What makes one qualitative study much more compelling than others? How can the writing strategies of professional writers help us improve our work? How do you manage to write when you work in a setting that allows scant time for writing? Would you like to expedite analyzing your data and writing your report? Which strategies help you gain acceptance and admiration from your intended audiences? This class addresses these questions.
Qualitative reportage relies on art and science. Learning how to construct an artful rendering of your work increases the power of your analysis. This class covers both professional writers’ tips and tricks and qualitative analysts’ strategies and shortcuts. It will help you develop a more incisive, creative, and clear narrative. Our approach emphasizes how to construct a creative analysis and to write it for varied audiences. You will gain fresh ideas for proceeding with the analysis, integrating your ideas into a cogent, coherent piece of work, and communicating the significance of your work.
This class covers crafting research stories and writing analytic reports, but the two are not separate endeavors. Thus we show how to bring analytic definition and logic to stories and to build imagery, rhythm, metaphor, and surprise into analytic reports. We also cover strategies for developing arguments, writing literature reviews and theoretical frameworks and integrating your manuscripts. Writing abstracts, titles, and introductions share problems and pitfalls. Our agenda includes learning a few tricks to help you resolve these problems and avoid the pitfalls. The last session focuses on choosing journals and publishing houses, preparing your manuscript for submission, and working with editors and reviewers.

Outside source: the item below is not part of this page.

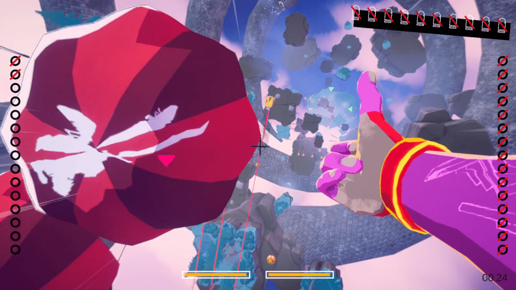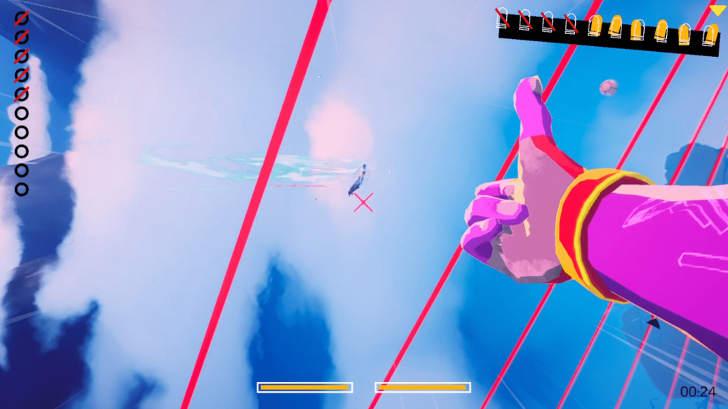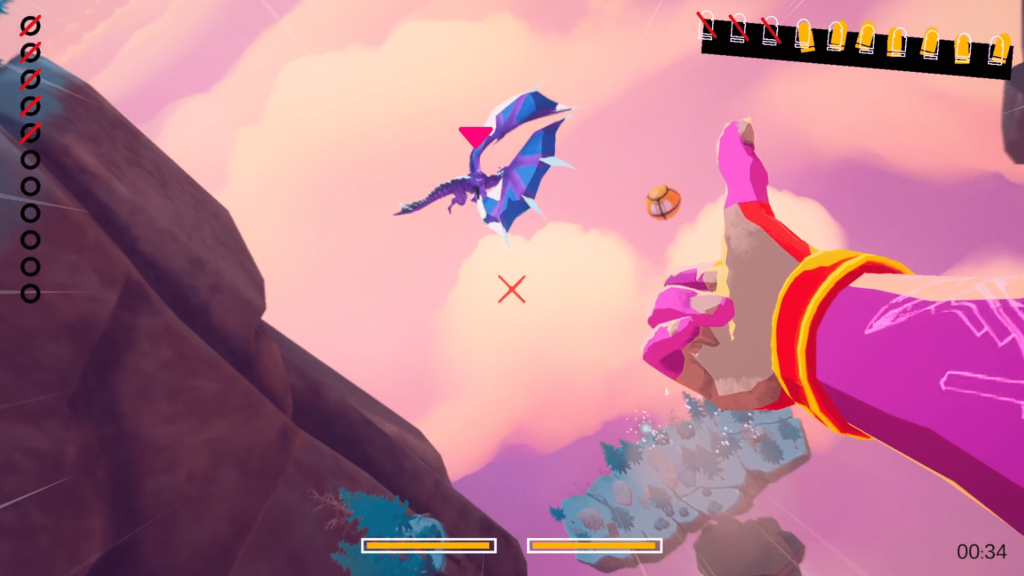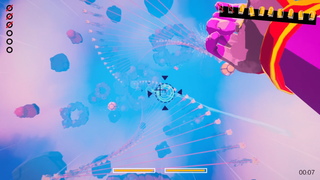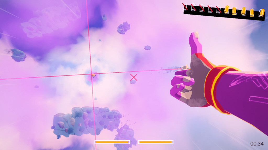 That said, DropShot sometimes feels like a nearly complete idea rather than a fully expanded one. The inability to turn fully around can occasionally be frustrating when enemies slip past you too quickly. It fits the shooting gallery philosophy, but it is hard not to imagine Smoke effortlessly flipping midair to finish a target. Level variety also feels like an area that could be expanded further. More enemy types, greater color variation in the skies and islands, different balloon behaviors, or cosmetic customization for Smoke’s arms could have added extra depth without disrupting the core design. The scoring system similarly feels underutilized. Unlocking new glasses is fun after finishing a certain level, but there is little sense of long term progression or stakes. Ideas like challenge focused glasses that alter visibility or increase difficulty in exchange for stronger abilities feel like natural evolutions that are not quite here yet.

This class best serves participants who are in the midst of a qualitative project or have had some experience with qualitative research and have engaged in qualitative coding and memo writing. Writers of all types of qualitative research are welcome. Researchers who conduct ethnographies, use discourse analysis, engage in narrative inquiry, follow grounded theory strategies, or create personal narratives will all gain ideas and strategies to advance their work.